IMPORTANT: The returned JSON object may have changed between versions which may cause problems with generation and returning the Panl response.

There may be other integration points for version 6.x.x and lower, however the instructions above where the changed integration points from version 9 to version 8 and 7.

~ ~ ~ * ~ ~ ~


Getting Started With Synapticloop Panl
A rather pleasing companion to the Apache® Solr® Faceted Search Engine.


[1] 'Sensibly' is a bit of a vague term... Panl strips out any unexpected characters and ensures that it is valid.  For example, if Solr (and therefore) Panl is expecting an integer parameter and the value 5gs6 is passed through, Panl will remove any non-numeric characters and parse the number - returning 56.  For values that cannot be converted, the value will be ignored and not passed through to the Solr server.

[2] Thanks for checking out this footnote.

[3] A LPSE length of 3 with the five mandatory codes would provide 185,193 facets, a length of 4 would provide 10,556,001

[4] A LPSE length of 3 with the five mandatory codes and one optional code would provide 175,616 facets, a length of 4 would provide 9,834,496

[5] Examples with specific dates are notoriously hard to put into examples as by the time you read this book, the example dates will be well out of range.  There is an example data set (simple-date) which is included within the release package which has random dates spanning 2014 to 2032 which can be used to test out the features, however you will need to index the data set with separate commands.

[6] This is probably not the fairest of comparisons, as a lot of the underlying Solr query implementation could be hidden behind the scenes anyhow.  However, what Panl can do is automatically have CaFUPs for multiple FieldSets, facets, and queries which will automatically build the query, the returned facets, the fields, and more.

[7] The exception to this rule are any defined OR facets, which will increase the number of results that are returned.

[8] The example data 'techproducts' included with the Apache Solr instance is a reasonable test dataset, however, the way the schema and collections are designed places an emphasis more on testing ingestion and searching, rather than on a functional search set.

[9] I am using an Apple Mac system, but it is the same for Linux

[10] Commands weren't included in this as a recursive force (i.e. rm -rf or rmdir /S /Q) deletion of directories can be a very dangerous thing.

[11] Historically, Java based examples for servers seem to have been based on the ubiquitous Pet Store, time for something new.

[12] Or, the mistakes that were made with the implementation.

[13] At the time of writing no useful results were returned by any of the large search engines for 'Solr Panl'.

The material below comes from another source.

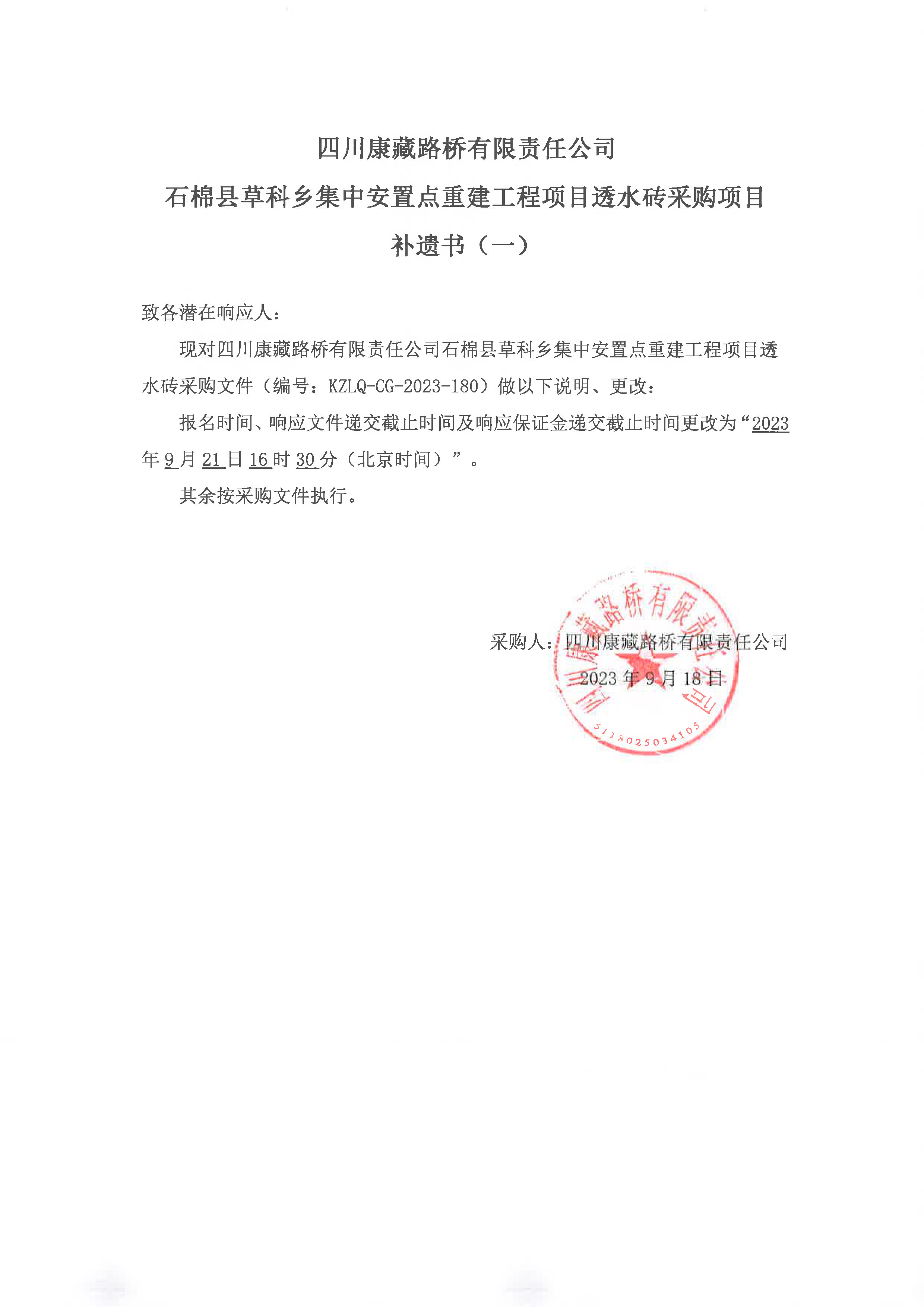四川康藏路橋有限責(zé)任公司石棉縣草科鄉(xiāng)集中安置點(diǎn)重建工程項(xiàng)目透水磚采購項(xiàng)目補(bǔ)遺書(一)

[14] In some instances, the properties file layout would have been better suited to JSON, however, comments are not allowed in JSON files, which makes explaining the file a lot harder.  Admittedly, HJSON could have been used, and parsed on the way into Panl, but this would reduce portability - sigh - these are the decisions which can reverberate through time and code.

[15] This started off as a simple way to test the Panl configuration and how it interacted with the Solr search server, over time, it became a little more complex.  It also became an incredibly useful tool when adding features to the returned JSON object so that integration and implementation became a more developer friendly experience.

[16] Once again, a simple explainer turned into a more complex application as time and requirements became more involved.

[17]Admittedly this is rather annoying having to know the value ranges ahead of time, however there are some niceties built into Panl to use the minimum and maximum values.

[18]Once again, annoying to have to know the values.

[19] Although German users should be fine with the default implementation from Panl.